Блондин обхватил ладонью свою эрекцию и провел вверх.
– Продолжай. – Кингсли наблюдал, как блондин ласкал себя правой рукой. Он знал, как тому было больно, каждое движение раздирало свежие раны на его спине. И все же, несмотря на агонию, у парня был стояк. Жидкость сочилась из головки члена на живот. Кингсли страстно желал ее слизать. – Больно? По всему телу?
– Больно, – прошептал он.
– Хорошо. – Кингсли подошел к кровати и достал тюбик смазки из-под подушки. Лучше сделать это на твердом, безжалостном полу, чем на кровати. На кровати он спал, в кровати он был более уязвимым. Сегодня ему не хотелось быть уязвимым.

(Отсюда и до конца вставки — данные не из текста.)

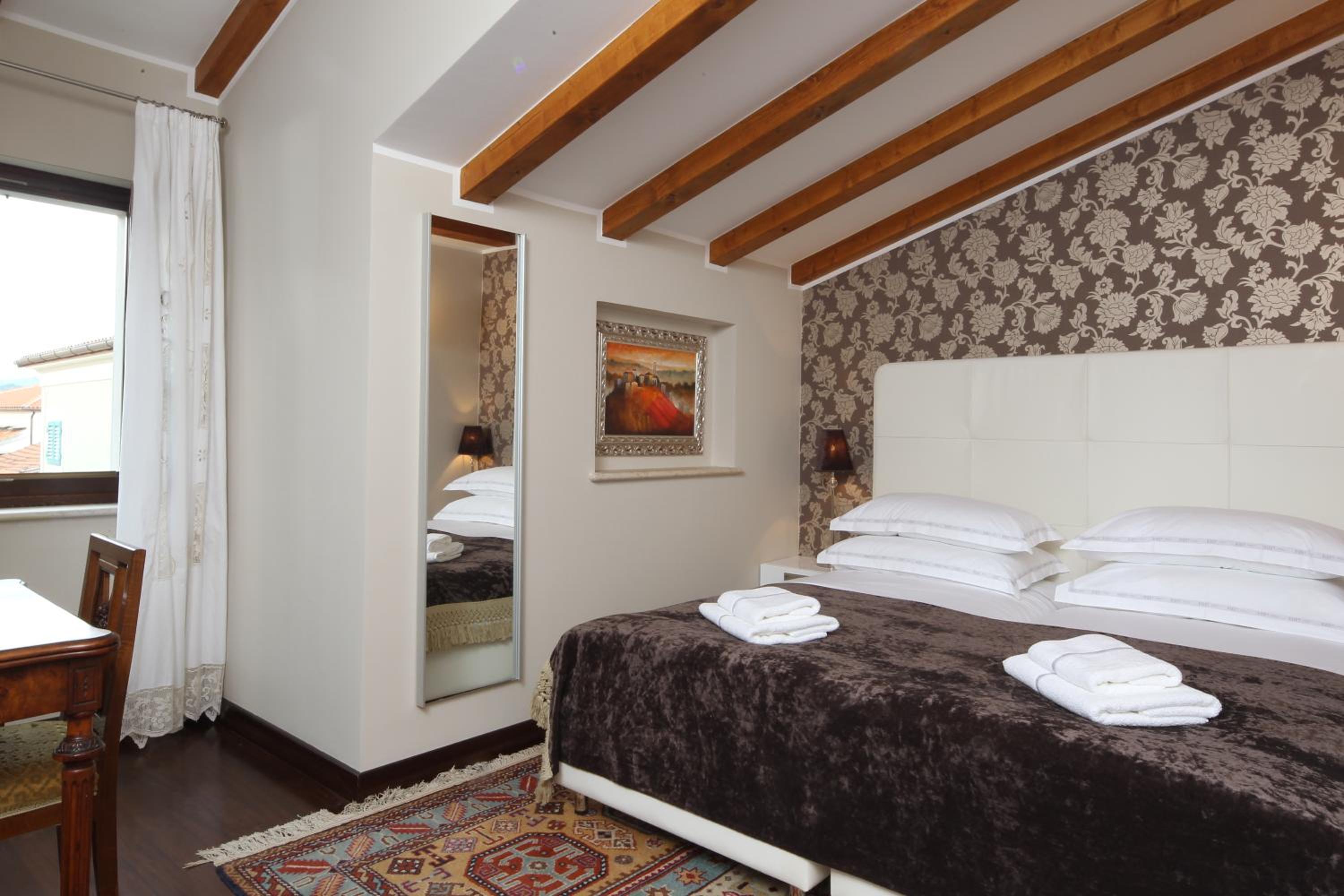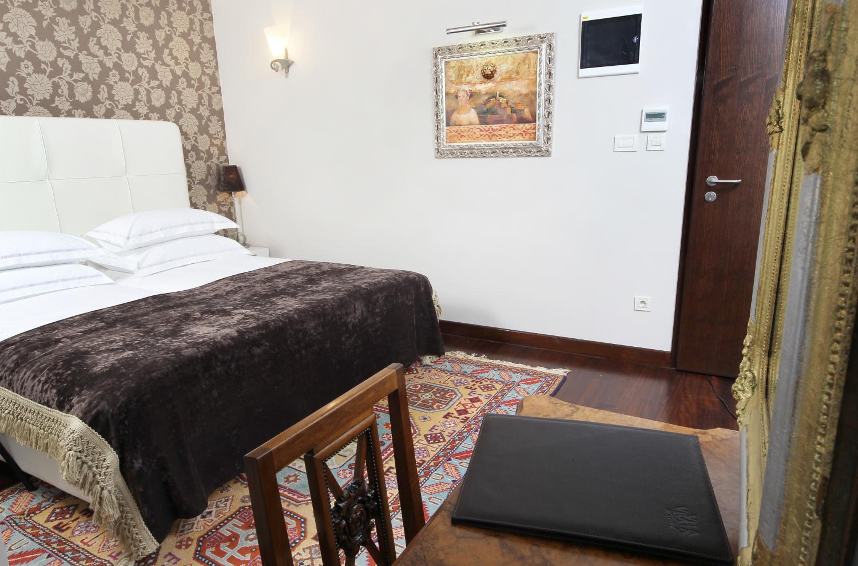 Luxurious Accommodations: Enjoy modern amenities like satellite TV, free Wi-Fi, and minibar in every guest room at Botique Hotel Vela Vrata. The sleek bathrooms with hairdryers add a touch of elegance to your stay.

Кинг опустился на колени между ног парня, шире раскрывая его бедра. Он впился пальцами в рубцы на ногах блондина. Когда громкость его стонов стала нарастать, Кингсли обхватил губами его член и глубоко всосал. Удовольствие и боль, удовольствие и боль. Сегодня для этого парня он соединит их воедино, и больше никогда тот не ощутит одно без другого, не будет желать одно без другого. Позже блондин или будет ненавидеть его, или поблагодарит, Кингсли плевать, что тот выберет. Но одно он знал наверняка, этот красивый светловолосый подросток никогда его не забудет.
Пока сосал, Кингсли обмазал пальцы смазкой и проник в анус блондина. Парень застонал, но ничего не сказал. Кингсли пронзал и изучал его изнутри, рычание дискомфорта превратилось в стоны удовольствия. Кингсли раскрывал его, облизывал и массировал каждый дюйм.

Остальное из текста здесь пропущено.